Mas, pra todo gênio há seu lado sombrio... E, o dele era muito sombrio. Por conta de uma educação careta e religiosa, Miles era machista e abusivo. Sua primeira mulher, Frances Taylor, apanhou mais de uma vez devido a ciúmes infundados de Miles. Ele não admitia a carreira da mulher. Frances era uma extraordinária bailarina e muito cobiçada por homens na época. Ele chegou a tirá-la de West Side Story. Frances estava escalada e começaria os ensaios. Miles não permitiu e obrigou-a a sair do show. A atriz segurou as pontas até não dar mais. Bette Davis foi outra mulher que envolveu-se com o músico. Ela mostrou a Miles os novos caminhos da música. Na década de sessenta (final) o jazz estava em baixa e Bette apontou os caminhos pra ele. Mexeu em seu figurino, apresentou músicos de rock em ascensão e fez a cabeça no som dele. Miles mudaria pra sempre o seu som. O que fez com que alguns músicos mais puristas reclamassem. E até separassem-se. Contudo, ele seguiu em frente. Entretanto, fracassou em mais uma relação. 
Concomitante, outros demônios insistiam em conviver com o trompetista: drogas. Miles ficava constantemente chapado de cocaína e heroína. E, isso aumentava sua paranoia em relação aos outros. Reclamava e dava esporros em parceiros, mulheres e empresários. Ninguém era de confiança para ele. Ou seja: era um ciclo. Drogas, paranoia, brigas, dores físicas, drogas de novo, paranoia maior, brigas, etc... Até ele cair. E ele caiu feio. Ficou sem tocar muito tempo. Perdeu embocadura, ritmo, dinheiro e tudo mais.
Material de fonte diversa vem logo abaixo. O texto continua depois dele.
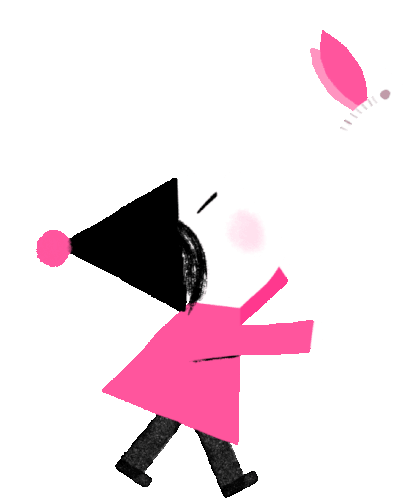 A cute animated girl in pink reaches out playfully towards a fluttering pink butterfly, expressing wonder and joy.

Vale destacar que Miles não foi um virtuoso musical. Haviam gênios no jazz que eram verdadeiros "Mozarts" do improviso. Só que poucos eram COOLS como Miles. Ele tocava de forma singular... Melancolia na medida certa, dramático sem ser piegas, visceral como poucos. Virou quase um pop star. Começou a andar com John Lennon, Hendrix, Sly Stone, Clapton. O físico do músico era algo marcante. Quando não estava tocando ele estava boxeando. Miles praticava boxe nas horas vagas. Queria deixar o corpo em movimento. E achava que o boxe tinha a mesma "vibe" do jazz. Ritmo e improviso. 
Ao contrário de seus contemporâneos ele nunca negou o futuro. Jamais reclamou em seguir em frente. Desde que ele pudesse botar seu trompete e tocar. Misturou-se com Quincy Jones (de quem tinha ciúmes...rs), Santana (um verdadeiro fã dele), Sly Stone e Prince. Reza a lenda que foi Sly Stone quem disse a ele que ganhava muito dinheiro tocando uma hora, uma hora e meia pra brancos em shows de rock. Miles pirou!!!! 
Passou a fazê-lo. Frequentou festivais hippies clássicos nos anos setenta e oitenta. Foi pra Televisão fazer Montreaux e participar de programas de talk-show e entretenimento. Daí por diante entrou no mainstream até se aposentar. Gravou muitos discos e conseguiu reaver seu dinheiro. Até morrer em 1991 depois de um AVC e uma parada cardio-respiratória. Falecia a lenda COOL do jazz. 

Se fosse para indicar aqui discos fundamentais deixaria aqui sem ordem: "Kind of Blue" (1959), "Miles Ahead" (1957), "Quiet Nights" com Gil Evans (1963), "Bitches Brew" (1970) com um capa (abaixo) absolutamente genial! 


O músico ganhou OITO Grammy Awars, condecorado na França com a Legião de Honra, estrela na calçada da fama, Hall of Fame e Walk Of Fame em St Louis. Sem contar estátuas suas em inúmeros lugares (uma improvável na Polônia) e uma platina quádrupla pela RIAA por seu "Kind Of Blue". Yeah!


CLIC.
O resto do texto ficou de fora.